Rhea-AI Filing Summary

EcoR1 Capital, LLC, together with its affiliated fund and managing member Oleg Nodelman, filed a Form 4 disclosing the cashless exercise of 5,086,521 pre-funded warrants in Zymeworks Inc. (ticker: ZYME) on 26 Jun 2025.

  • The warrants carried a nominal exercise price of $0.0001 per share. To settle the aggregate exercise price, the reporting persons instructed the issuer to withhold 41 shares (valued at $12.71 each), issuing the remaining 5,086,480 new common shares.
  • Following the transaction, EcoR1’s Qualified Fund owns 21,582,563 ZYME shares and the group reports total indirect beneficial ownership of 22,970,388 shares.
  • The derivative position (pre-funded warrants) is now fully exhausted; the reporting persons hold 0 derivative securities post-transaction.
  • EcoR1 and Mr. Nodelman are both classified as 10% owners and hold board seats, reinforcing their strategic involvement with the company.

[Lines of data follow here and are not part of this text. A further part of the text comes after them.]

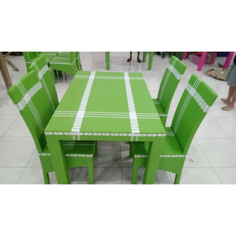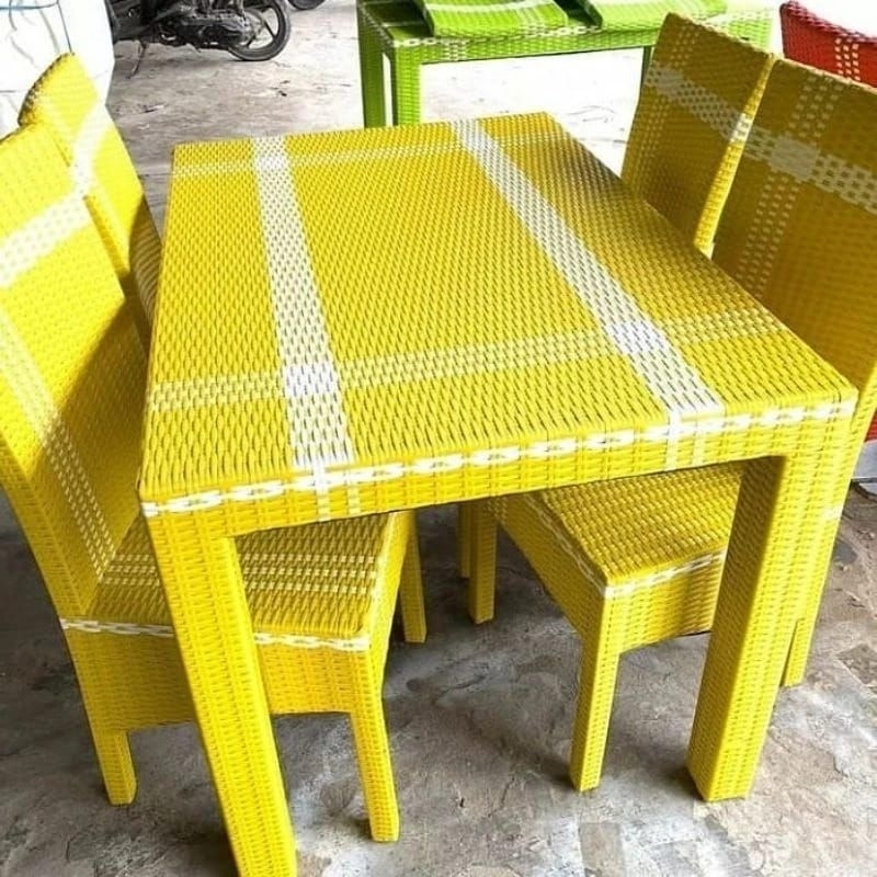 READY STOCK Meja Makan Rotan Sintetis 4 Kursi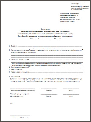- Информация об отсутствии противопоказаний к госслужбе.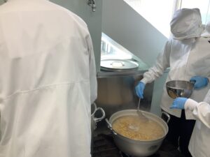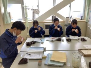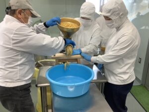 今年度も、新村こうじみそ商店より講師をお招きし、食品加工班で味噌造りを行いました。実技指導に加え、発酵食品についての講話もしていただき、食への理解を深める貴重な機会となりました。
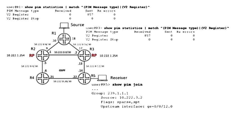 Referring to the exhibit, anycast RP is implemented to ensure multicast service availability. The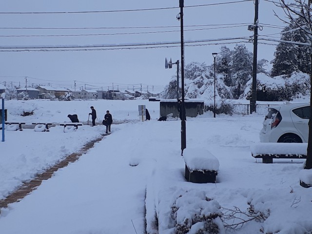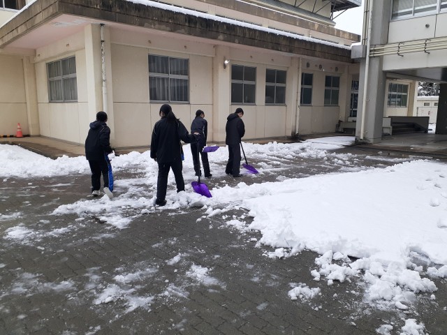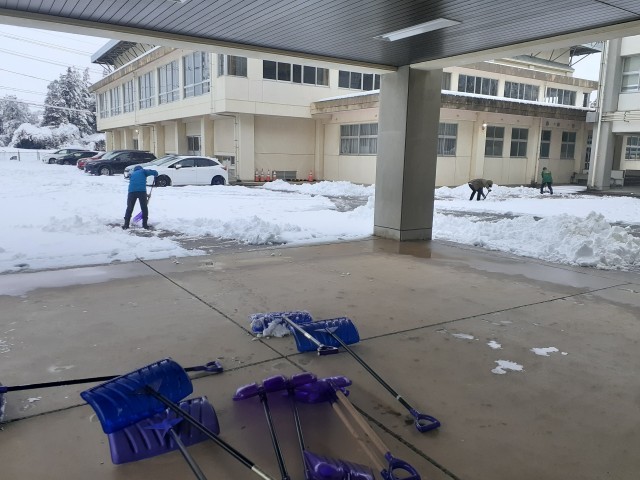 今朝はいつもより早く出勤した本校職員が、登校する生徒のために雪かきを行いました。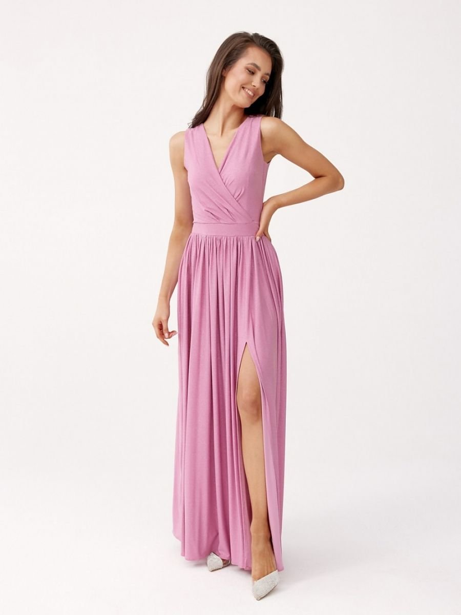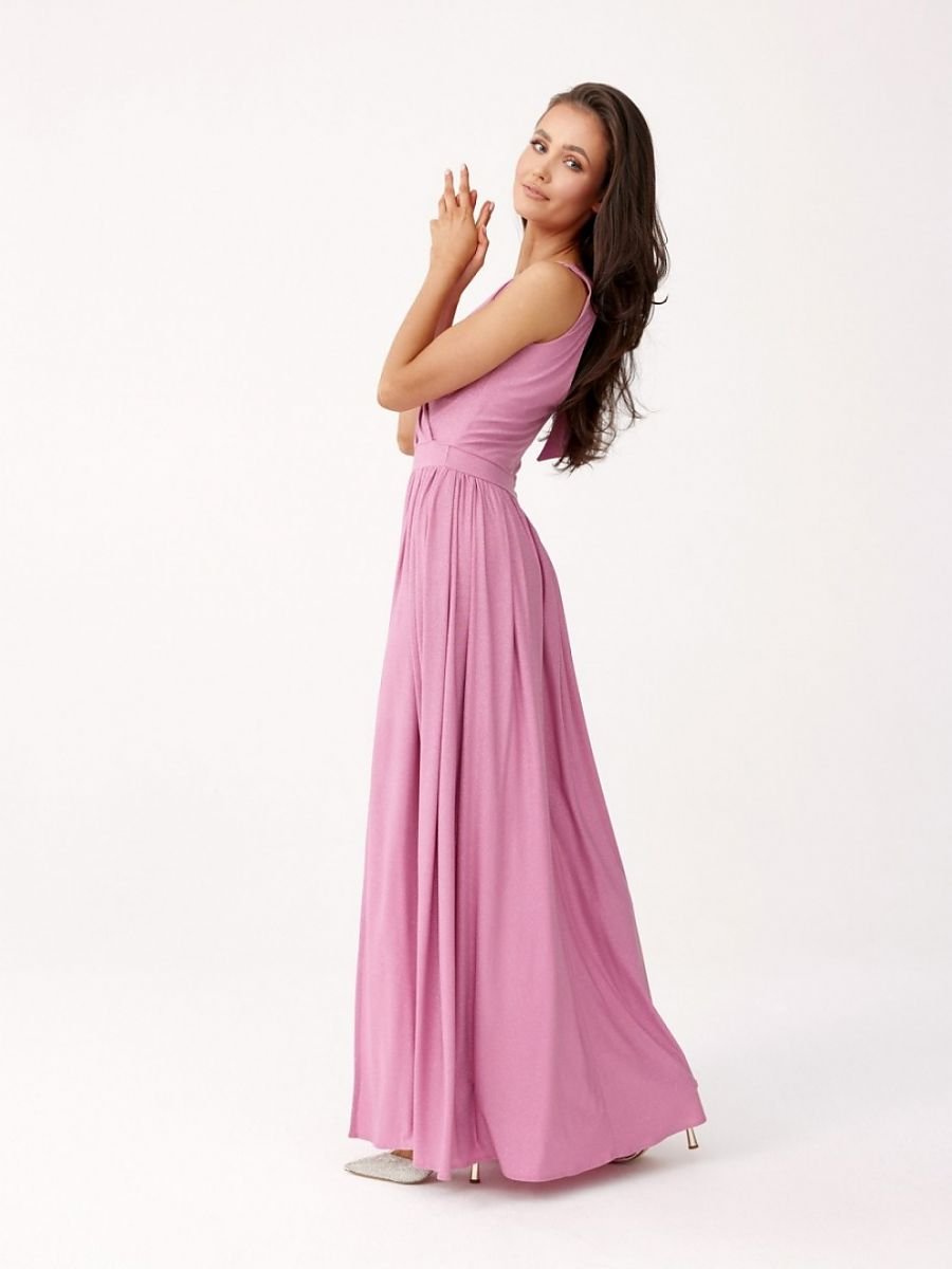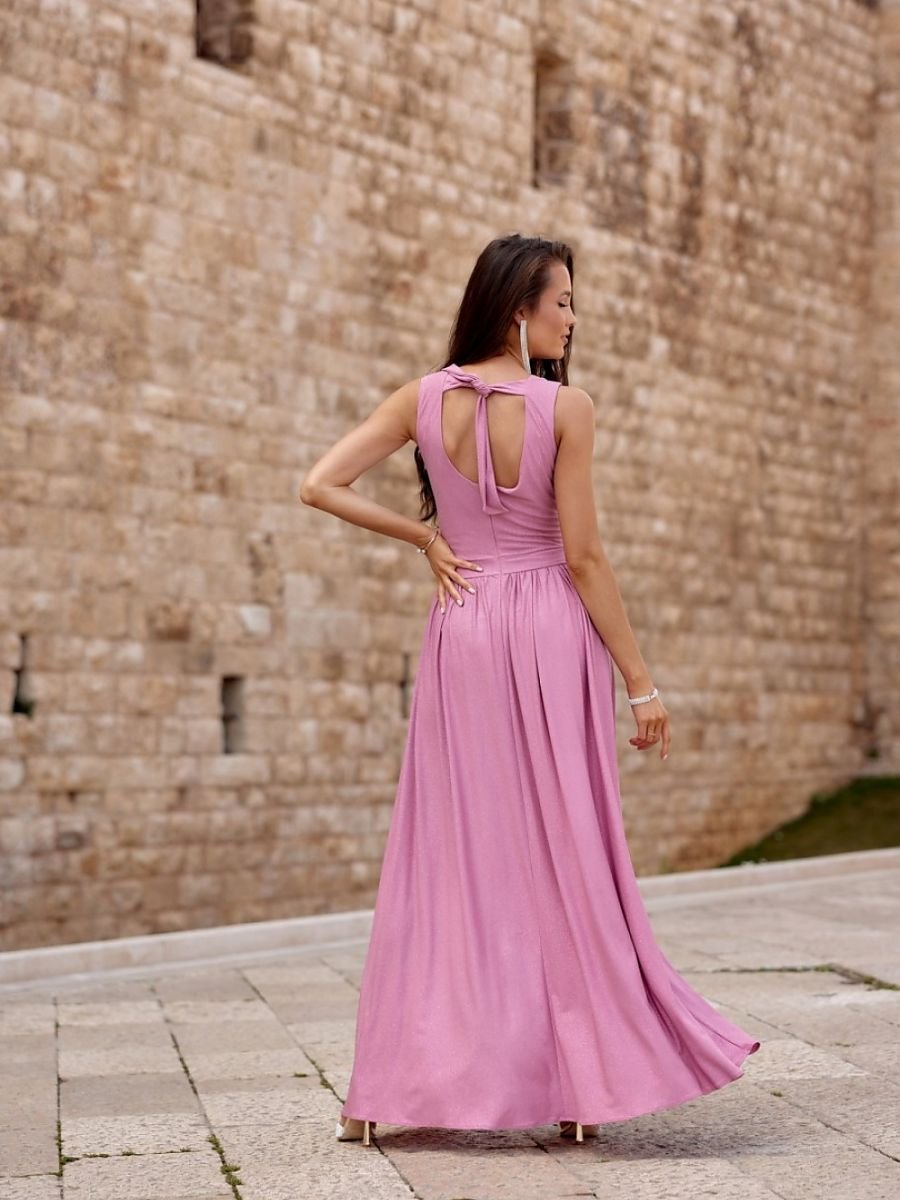 Brokatowa sukienka maxi z wiązaniem na plecach to znakomity wybór wśród naszych sukienek wieczorowych. Sukienka jest oszałamiająca, ze względu na małe błyszczące drobinki w materiale. W słońcu, bądź światłach reflektorów będzie pięknie się mienić różnego typu barwami. Brokatowa sukienka maxi z wiązaniem na plecach wyprodukowana jest z pięknej, mieniącej się tkaniny, która zapewni nam olśniewający wygląd. Sukienka cechuje się kopertowym dekoltem oraz rozcięciem na nogę, które dodaje zmysłowości. Sukienka posiada ozdobne wiązanie na plecach. Zapinana jest na kryty zamek błyskawiczny. Wieczorowa sukienka szczególnie dobrze wygląda na kobietach, które lubią błyszczeć i czuć się jak prawdziwa gwiazda. Długa sukienka będzie idealna na wszelkiego typu uroczystości, takie jak: wesele, komunia, impreza firmowa. Produkt jest wyprodukowany i uszyty w Polsce.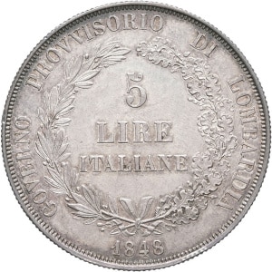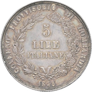 ITALIE - ITALY Lombardie, Gouvernement provisoire de (1848). 5 lire 1848, M, Milan.…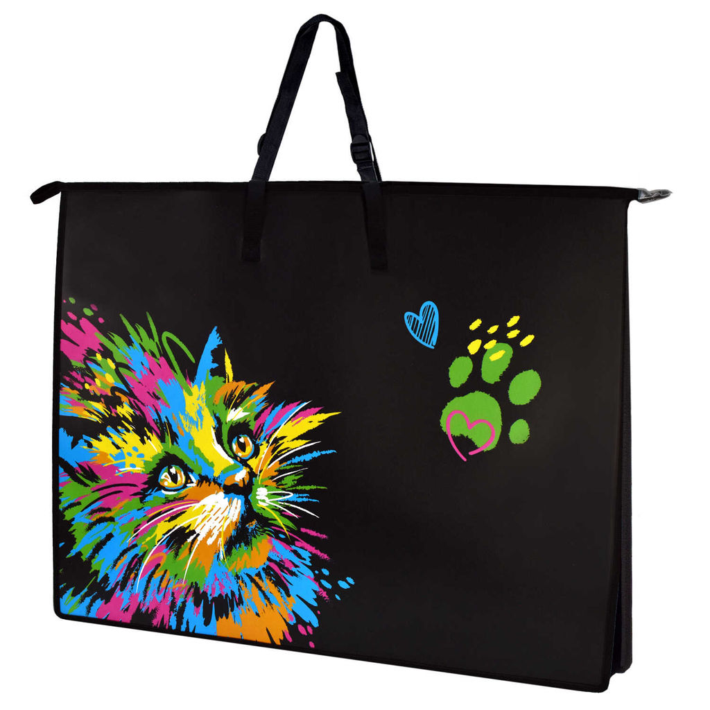 Папка для чертежей и рисунков пластиковая арт. 62515/ 6 НЕОНОВЫЙ КОТ (полипропилен, формат А2, 65х47х11 см, 1 отделение (-я), молния, ручки, регулируемые по длине, внутренний ПВХ карман А4 формата, ширина боковин и дна 11см, УФ-печать)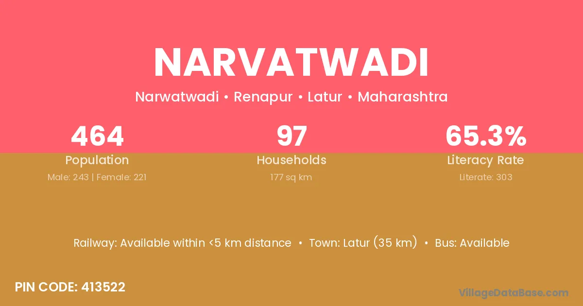 Narvatwadi village has a total population of 464 people, of which 243 are males and 221 are females.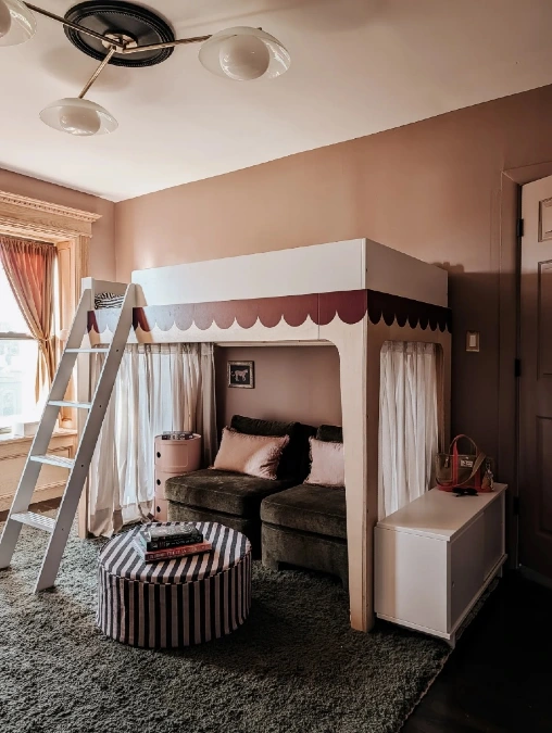 A playful, custom built wooden bed platform dominates this room. The elevated space features a scalloped trim painted in deep burgundy and white. Curtains hang from the loft frame, creating a private den below.

The filing signals continued insider alignment through an increase in equity exposure; however, it also converts previously outstanding warrants into issued equity, modestly expanding the public float.

Positive

  • Insider confidence: 10% owner EcoR1 converted 5.1 M warrants, increasing its direct equity exposure.
  • Removal of derivative overhang: All pre-funded warrants are now exercised, simplifying capital structure.
  • Enhanced alignment: Board-affiliated investor now holds 22.97 M common shares, strengthening governance accountability.

Negative

  • Share count increase: Issuance of 5.09 M new shares marginally dilutes existing shareholders.
  • No cash inflow: Nominal $0.0001 exercise price yields de-minimis capital to the company.

Insights

TL;DR: EcoR1 converted 5.1 M pre-funded warrants, boosting its common share stake to 23 M and eliminating warrant overhang.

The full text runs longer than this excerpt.